Not everyone has someone they trust to babysit their kid or have the money to spend for a sitter.
I see what you're saying, 7, but learning how to behave in public is important for kids, too. Also, kids should learn that even if something's boring, sometimes you just have to do it—that's part of life. Not to mention how expensive getting a sitter for every shopping trip would be. I used to nanny for a stay-at-home mom, and I know how much they paid me to watch the kid while she ran errands. That's not something a lot of people can afford.
In some cases you can't leave the kid. My brother is not quite right in the head, he's got serious issues. Every time my mother tried to leave us with a babysitter he would slam his head into the walls and even hit the person, my mother usually had just enough time to go to the car before the babysitter begged her to come back. Before anyone mentions it, no, hitting him had no effect nor did punishing or talking. Some parents also don't trust strangers with their kids, which is understandable, some can't afford it, some kids are afraid of strangers and can't be left alone with a person they don't know. you can't just tell a parent to "leave their kid's ass" because guess what ? Usually when a parent is "dragging their kids along" they have a reason to do it.

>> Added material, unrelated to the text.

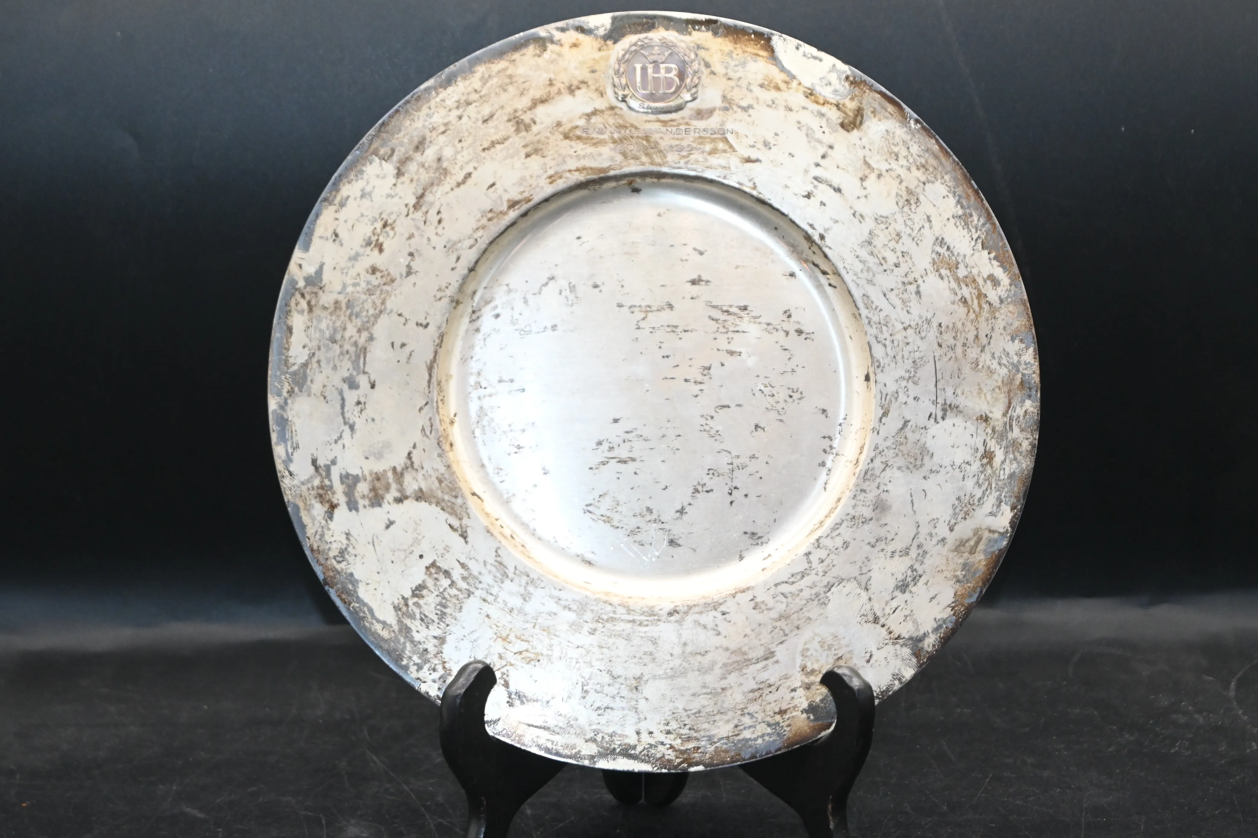 73. Tallrik "UHB" Sterling silver D9 vikt.500.9gr D.25cm

That's not even remotely how things actually work.
#7 you dont have kids, do you? while understandable, your comment is seriously flawed. if you dont take your kids with you to the store or two a restaurant, they will not be socialized and will not learn.... a store and a restaurant are meant to be family kind of places. there is a reason i have never and will NEVER be angry about a screaming kid in a store or a restaurant or anything. this is life....
some people can't afford babysitter's
Cruel but ingenious plan for next time he pulls something like this, when he kicks off go and stand just outside the entrance or out of sight, then when he can't see.or find you he really will have something to cry about and will have to admit he was lying to the staff to try and find you. Hopefully that'll teach him
No doubt the parent would be arrested for child abandonment or some such, should that plan be enacted. D'jever notice how that sort crap never happened back when it was socially acceptable to spank your kids for misbehaving? Not saying anything, just saying.

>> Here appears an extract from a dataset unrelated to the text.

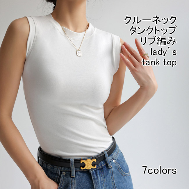 タンクトップ レディース インナー 無地 クルーネック ノースリーブ リブ編み 伸縮性 通気性 プルオーバー トップス カジュアル 柔らかい 着痩せ 着回し レイヤード 快適 春夏 女性用 シンプル

Actually it did happen, happened to my older sister when she would act up in the store, she soon stopped when she couldn't find my mum
#18, I highly doubt you would be arrested for child abandonment just because you walked a few feet away so your kid couldn't see you to teach them a lesson. Now if you actually left the store and drove off then I could see that becoming a problem.
I was also thinking something similar, except my version was harsher: telling your kid that the next time he/she does that, you'll leave without him and that you won't come back. It's terrible, I know, but sometimes, you have to use fear to discipline rebellious children.

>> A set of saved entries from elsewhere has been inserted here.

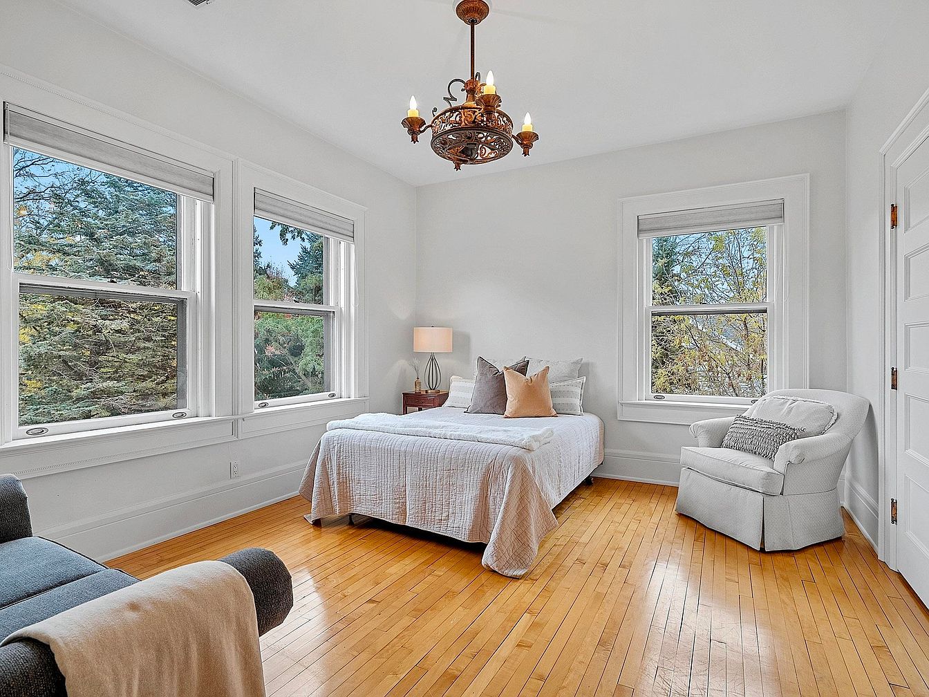 A welcoming bedroom featuring expansive windows that bathe the space in natural light and offer peaceful views of the surrounding trees, making it ideal for relaxation or quiet family time. The pale hardwood flooring complements the crisp white walls, enhancing the airy and open feel of the room. A cozy upholstered armchair sits in the corner, perfect for reading or comforting a child, while the neatly made bed is accented with plush pillows in soft neutral tones. Architectural details like wide window trims and a vintage-style chandelier add a classic touch, creating a serene and family-oriented atmosphere.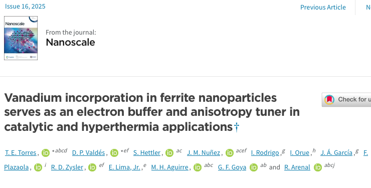 T. E. Torres, D. P. Valdés, S. Hettler, J. M. Núñez, I. Rodrigo, I. Orue, Á. García, Plazaola, R. D. Zysler, E. Lima, Jr., M. H. Aguirre, G. F. Goya and R. Arenal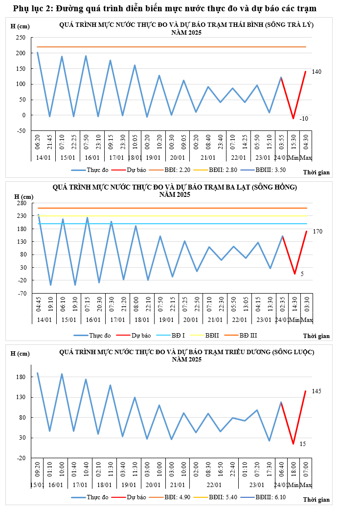 - Mực nước trên các sông Trà Lý, sông Hồng, sông Luộc chịu ảnh hưởng của thủy triều, điều tiết hồ thủy điện: xu thế lên.

Then be a good stranger and leave him alone there. Put a "Clearance" sign on him for good measure before you leave.
That's illegal if not frowned upon in most civilized countries.
Keywords
Geez, that's clever but please make sure you explain the dangers of doing that to your son
Maybe if he doesn't listen when you explain why that is bad, perhaps ask a local law enforcement officer to talk to your kid. False reports are a serious thing.